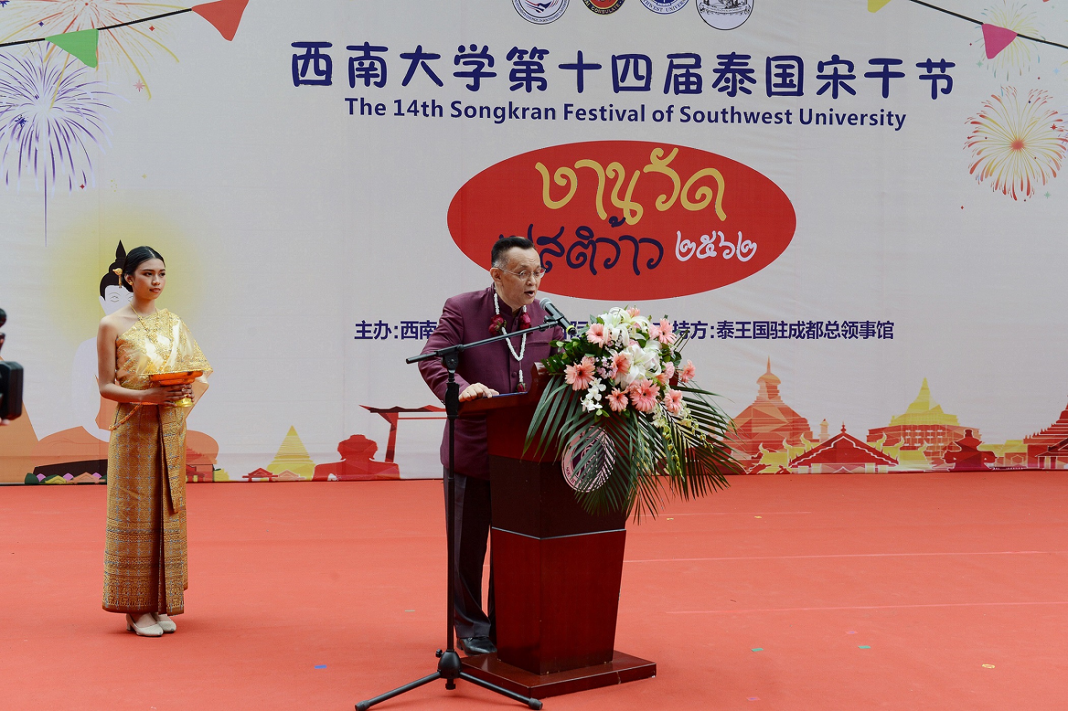 4月10日下午,學校第十四屆泰國宋干節舉行。泰王國駐成都總領事館總領事吳威德、重慶市公安局出入境管理局和北碚公安分局的有關領導、學校副校長靳玉樂,以及學校相關職能部門負責人應邀出席本次活動。中外師生500余人共同歡度泰歷新年。
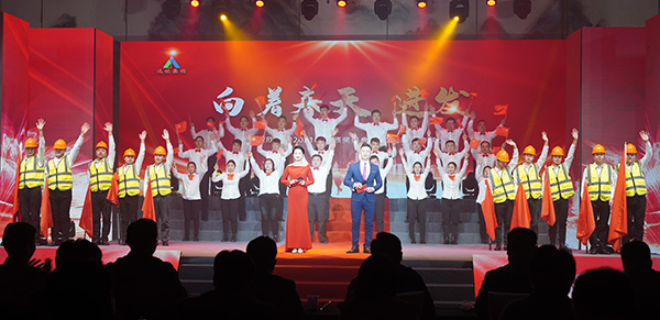 年會上,由工程公司自編自演的歌舞、情景詩朗誦、相聲等節(jié)目,深刻演繹出達欣人不畏困難、勇往直前的良好精神面貌。
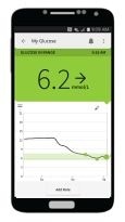 When a FreeStyle Libre sensor is scanned by a smartphone running LibreLink apps, the Result Screen is displayed and shows the current glucose reading, up to eight hours of glucose history and a trend arrow indicating where glucose is heading. Notes can be added to each scan event, if desired.
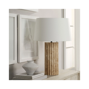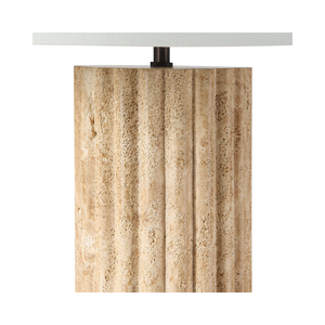 Made with a travertine body, this table lamp puts the unique swirls and patterns of this distinctive stone on display to add a touch of natural elegance to any space. Topped with an ivory linen shade that diffuses a warm glow, this lamp delivers transitional style and dimmable lighting at the flick of a switch.
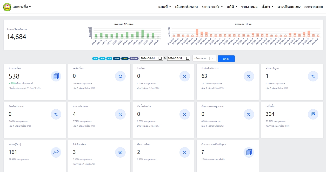 ![]() | - | การแก้ไขปัญหาเรื่องร้องเรียนของประชาชนผ่านระบบ Traffy Fondue (ร้อยละ) | 0.00 | 100.00 | สำนักงานเขตบางซื่อ | ฝ่ายปกครอง |
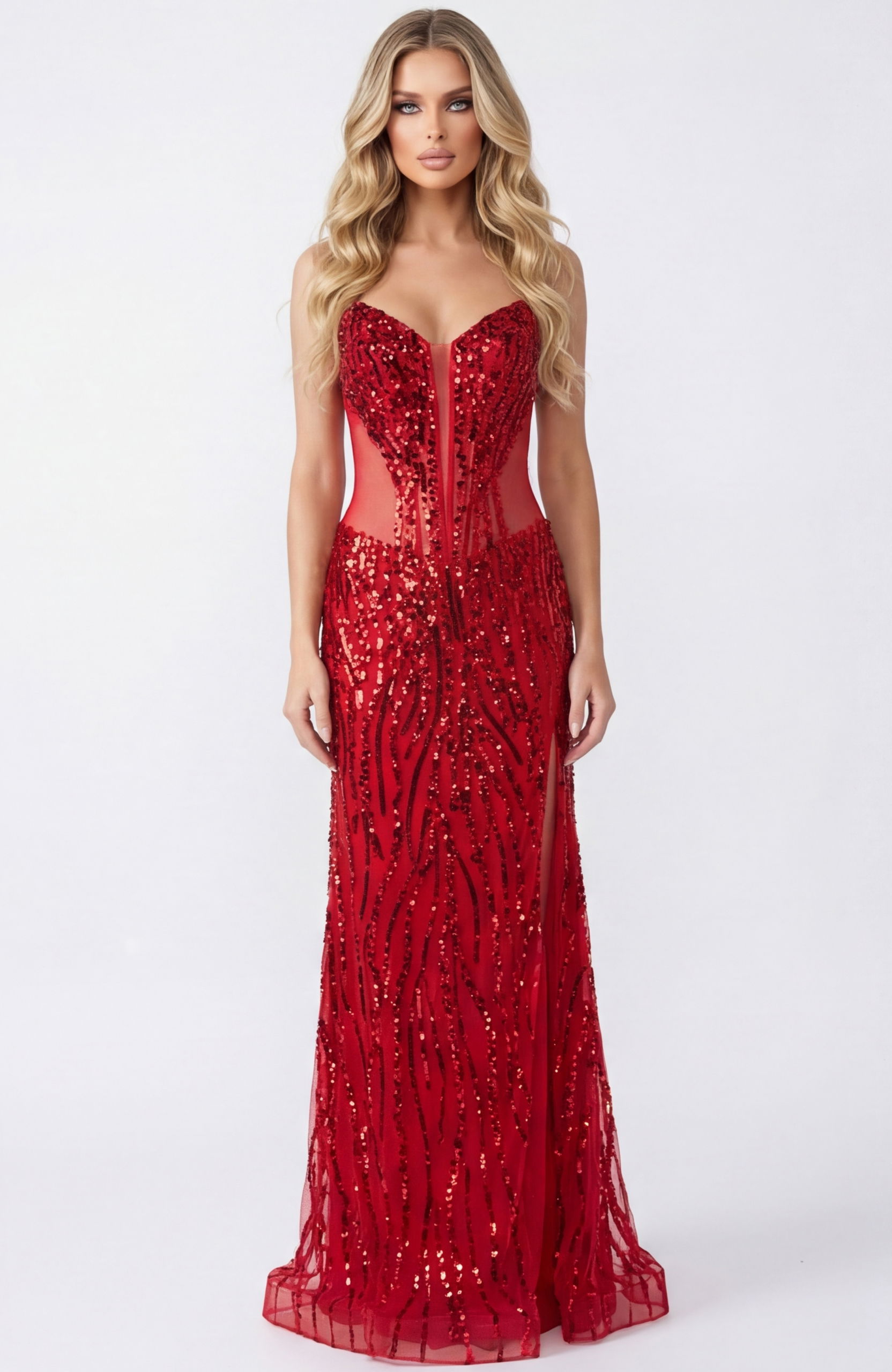 High Slit, Boned Bodice, Fully Sequined Pattern, Sheer Overlay
-*-
*ACTIVITY*.
Within the listing above, print exactly the stretch beginning at the line that contains "年會上,由工程公司自編自演的" and finishing at the line that contains "Made with a", ends kept, pictures left out, and nothing more.

*ANSWER FOR THE TASK*.
 年會上,由工程公司自編自演的歌舞、情景詩朗誦、相聲等節(jié)目,深刻演繹出達欣人不畏困難、勇往直前的良好精神面貌。
 When a FreeStyle Libre sensor is scanned by a smartphone running LibreLink apps, the Result Screen is displayed and shows the current glucose reading, up to eight hours of glucose history and a trend arrow indicating where glucose is heading. Notes can be added to each scan event, if desired.
 Made with a travertine body, this table lamp puts the unique swirls and patterns of this distinctive stone on display to add a touch of natural elegance to any space. Topped with an ivory linen shade that diffuses a warm glow, this lamp delivers transitional style and dimmable lighting at the flick of a switch.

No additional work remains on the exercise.